Kyrgyz President Almazbek Atambaev was at the gathering and has been saying for months that his country wants to join the CIS economic union, but members of his government have been requesting special conditions that include financial help from the union for their comparatively poor Central Asian country.

Atambaev recently spoke about the need for the union to meet Kyrgyzstan's "national interests."

Russian presidential aide Yury Ushakov said the Kremlin still expects an endorsement of Kyrgyzstan's accession to SEEC to be ready by March 2014.

"We are creating an economic union not to fence ourselves off from the world," Kazakh President Nursultan Nazarbaev said to counter criticism from some that the SEEC looks like an attempt to reform the Soviet Union. "On the contrary, it is in order to cooperate with it [the world] successfully and to the fullest. This is not an attempt to restore the USSR, as some want to say. There is no return to the past and there will not be and this is the common, agreed upon position of our governments -- we're going forward, not backward."

Nazarbaev and Putin have advocated accepting countries such as Turkey and India into SEEC, should those countries, or others, wish to join.

Ukrainian Prime Minister Mykola Azarov was also at the meeting, seeking observer status for his country.
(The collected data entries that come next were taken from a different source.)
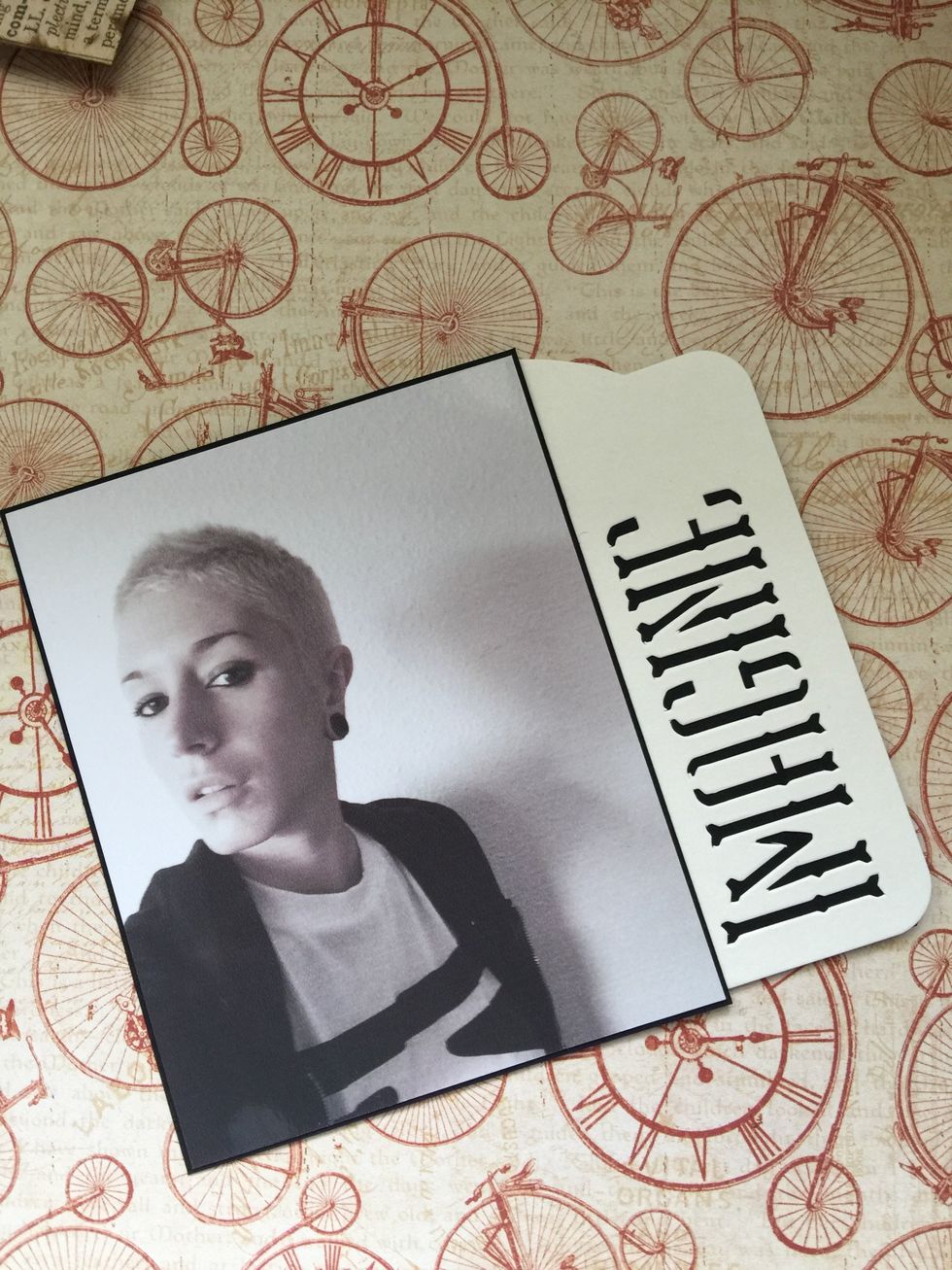 Use double-sided tape to stick another photo on the "Imagine" ivory tag.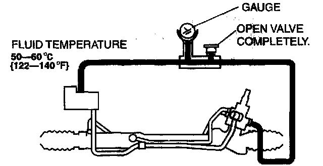 9. Turn the steering wheel fully to the left and right, then measure the fluid pressure generated at the gear housing.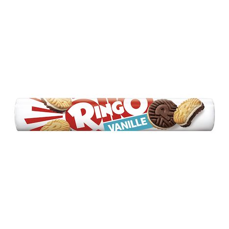 Biscuit (73%): farine de BLE, sucre, huile de tournesol, amidon de BLE, cacao maigre 1,8%*, sirop de glucose, lactosérum (LAIT) en poudre, sel, poudres à lever (carbonate acide de sodium, carbonate acide d'ammonium), arôme vanilline 0,03%. Garniture (27%): graisses et huiles végétales non hydrogénées (cacao, tournesol), sucre, dextrose, lactosérum (LAIT) en poudre, amidon de BLE, arôme vanilline 0,01%.

Azarov said after the summit: "We were given the opportunity to express our position today, and it consists in the fact that Ukraine primarily considers cooperation with the Customs Union countries as cooperation within the free trade area. And this agreement that has been signed and ratified by Ukraine should be implemented in full."

Russia has been pushing for Ukraine to join the CIS union instead of courting closer ties with the European Union.

Kyiv's decision in late November to suspend talks with the European Union on a new trade agreement and instead court stronger trade ties with neighbor Russia sparked widespread protests that are continuing.

A deal Putin reached with Ukrainian President Viktor Yanukovych last week to lower the price of Russian gas and help Ukraine financially defused some of the tensions inside Ukraine.

Russian Prime Minister Dmitry Medvedev told Azarov before the summit that Russia had transferred the first $3 billion tranche of a $15 billion bailout for Ukraine on December 23.